Podobno życie to nie jest zgadywanka co odpowiedziała większość tak jak "Familiada" czy "Zgaduj, zgadula". Podobno żyje się na sto procent i trzeba postawić na jedną odpowiedź oraz być pewnym, lub niepewnym, swojej odpowiedzi, swojego wyboru tak jak "Postaw na milion". Ech. Czasem w życiu zdarzają się zaskakujące i niewytłumaczalne przypadki, które można uznać za para nienormalne. Te przypadki to próba charakteru. Życie jest pełne niespodzianek i czasem nasza zapadnia szczęścia, która do tej pory była zasłonięta i trzymała się mocno. Szczęście nie ustępowało aż tu nagle, pufff, i zapadnia się zapada ukazując czarną czeluść. Czeluść, która ziała czarnym nieszczęściem...
~*~
Kolejny nudny dzień. Kolejny dzień przepełniony tymi samymi czynnościami, które robimy codziennie. Kolejny dzień, w którym nic się nie dzieje. Poranne czynności zostają takie same jakie było wczoraj, przedwczoraj, tydzień temu... Jednak moje myśli zostały zmanipulowane przez jedną rzecz. Chciałbym otrzymać oznajmującą odpowiedź na wcześniej zadane pytanie. Wstałem i przeciągnąłem się. Odwróciłem swój wzrok by patrzeć na nadal śpiącą białą tygrysicę o zielonych oczach. Jej klatka piersiowa unosiła się w górę i w dół, a ogon unosił się i odpadał równomiernie i w takiej samej prędkości co oddech tygrysicy. Szturchnąłem nią lekko, a ona momentalnie otworzyła oczy i spojrzała na mnie. Również wstała i, pomijając wcześniejsze dialogi, które ze sobą zamieniliśmy, zapytała mnie:
- Pamiętasz to wcześniejsze pytanie, które mi zadałeś? - Ja zawahałem się. Wymownie spojrzałem w sufit i pokiwałem lekko głową. - Mógłbyś je powtórzyć? - zapytała ponownie spoglądając na mnie z dziwnymi iskierkami w oczach.

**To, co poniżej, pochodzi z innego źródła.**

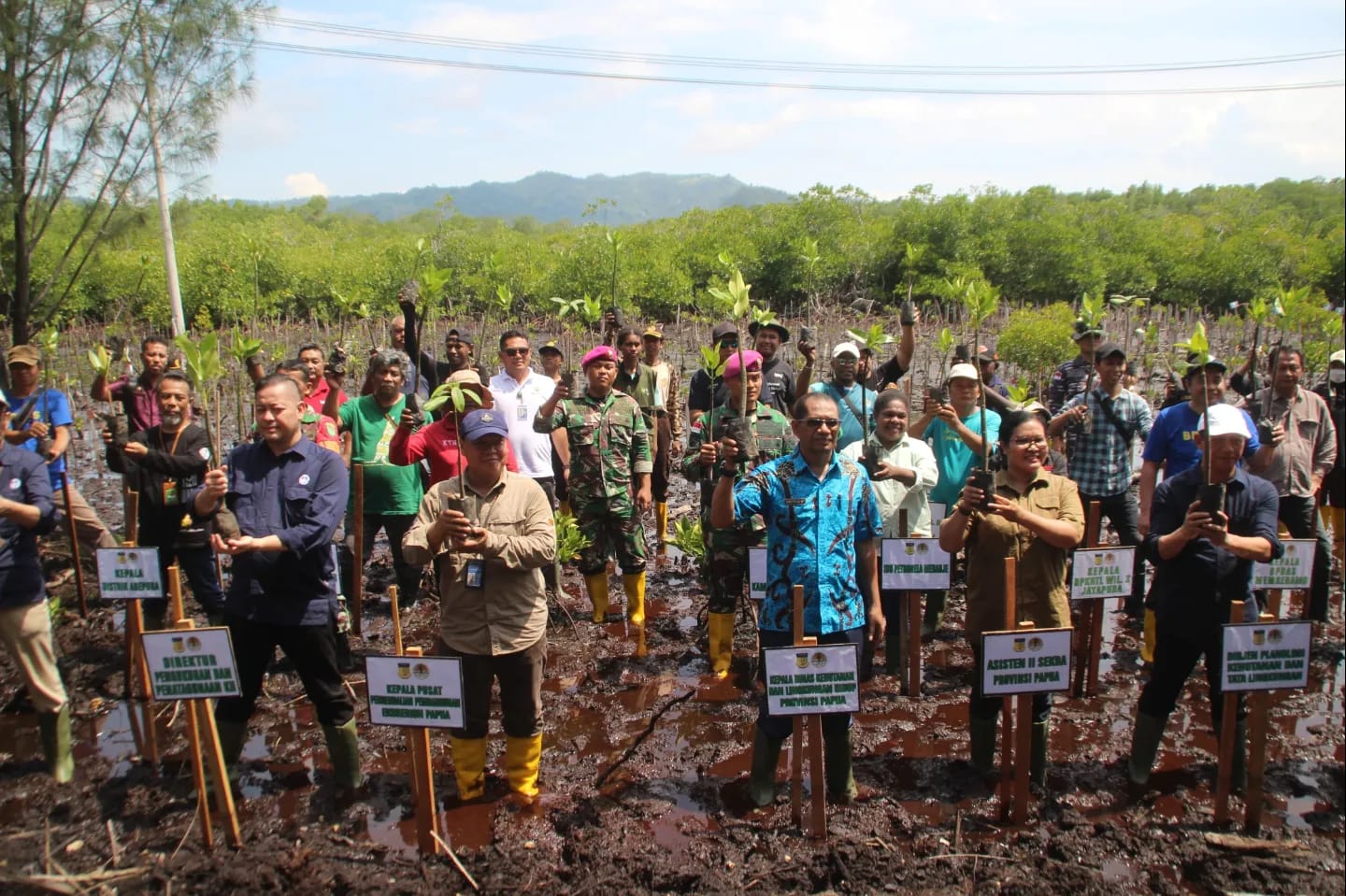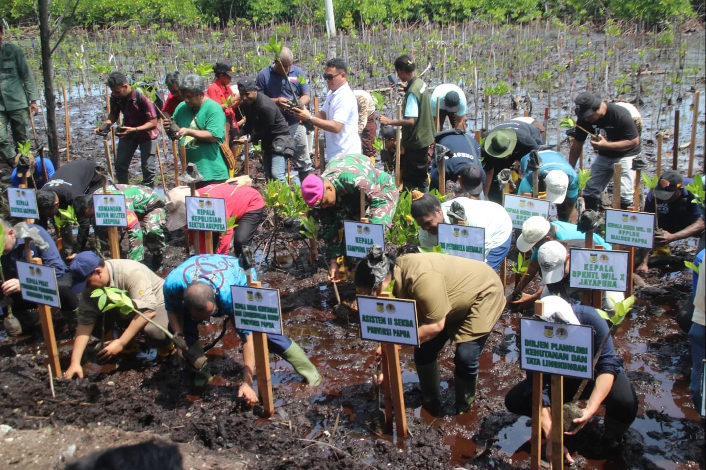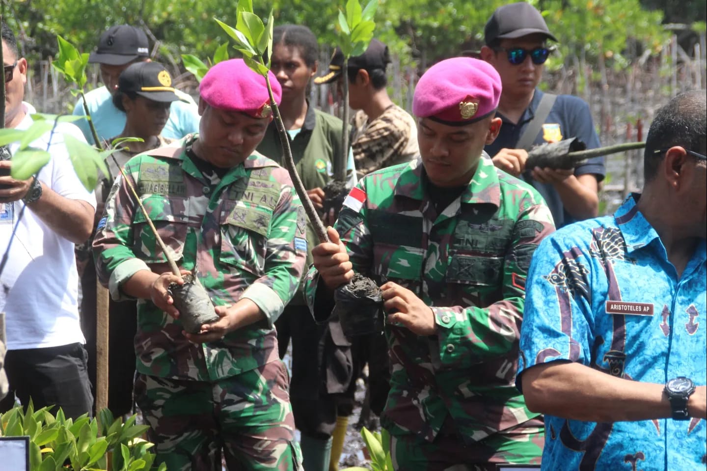 TNI AL, Dispen Kormar Jayapura. Dalam rangka melestarikan hutan mangrove, prajurit Batalyon Marinir Pertahanan Pangkalan (Yonmarhanlan) X Jayapura Pasmar 3 mengikuti Penanaman 25.000 Pohon Mangrove Nasional secara serentak di 25 Lokasi di Indonesia yang betempat di Pantai Ciberi, Kota Jayapura, Papua. Kamis (25/04/2024).

Po raz kolejny spojrzałem w sufit udając, iż nie dosłyszałem pytania. Jednak Xena przypatrywała mi się wytrwale tak długo, aż w końcu się poddałem.
- Chciałabyś pójść ze mną na... Halloweenową imprezę? - wydukałem robiąc pięciosekundowe przerwy pomiędzy słowami, jakbym chciał dokładnie przemyśleć co chcę powiedzieć oraz starannie dobierając słowa. Uważałem, żeby nie zrobić jakiegoś błędu językowego i żeby brzmiało to w miarę normalnie, jak zwykłe pytające zdanie a nie jak wypowiedzenie kogoś niepełnosprawnego.
- Obawiam się, że jednak... - zwiesiłem łeb i spojrzałem na swoje łapy szykując się na najgorsze co może spotkać w życiu samca. - ... będę mogła z Tobą pójść. - błyskawicznie podniosłem swoją głowę i spojrzałem na Xenę triumfalnie.
- No to... - w pewnym momencie chciałem krzyknąć coś w rodzaju: "Tak?! Ale super, normalnie nie wiesz jak się cieszę!", ale nie chciałem wyjść na zdesperowanego, więc rzekłem tylko coś w rodzaju: - ... super! - dokończyłem zdanie i zacząłem się powoli wycofywać z jaskini. - No to ja pójdę się przygotować, o tak. No to na razie! - wybiegłem z jamy kątem oka widząc roześmianą twarz
Głównym tematem rozmowy mojej sam ze sobą podczas dojścia do mojego "laboratorium" był obmyślony przeze mnie strój szamana (XD). Zrobiłem szatę z jednego ze starożytnych kocy znajdujących się w ciemnym kącie mojej jaskini. (NIestety zdjęcia nieznalazłem :C) Głównym efektem stroju była peleryna: udrapowana na plecach wielka niedźwiedzia skóra z pazurami zwisającymi z ramion. Łeb niedźwiedzia spoczywał na mojej głowie niczym kaptur spowijając złowrogim cieniem moją twarz. Myślałem także, żeby wziąć stary kij, który kiedyś znalazłem, który miał pełnić funkcję laski, ale doszedłem do wniosku, że nie ma po co. I tak bym go prędzej czy później odłożył w kąt.
XD Heheszki. To ta peleryna |
- Cześć Ana, chciałbym poprosić o bilet na imprezę Halloween'ową. - poprosiłem i dostałem od Alfy bilet. Potem jeszcze trochę pogadaliśmy, spytała z kim idę, jaki mam strój i tak dalej, i tak dalej. Potem wróciłem do miejsca gdzie się przebieram i jeszcze raz dopracowałem wszystkie szczegóły. Nie daj Boże by się jakaś plama znalazła.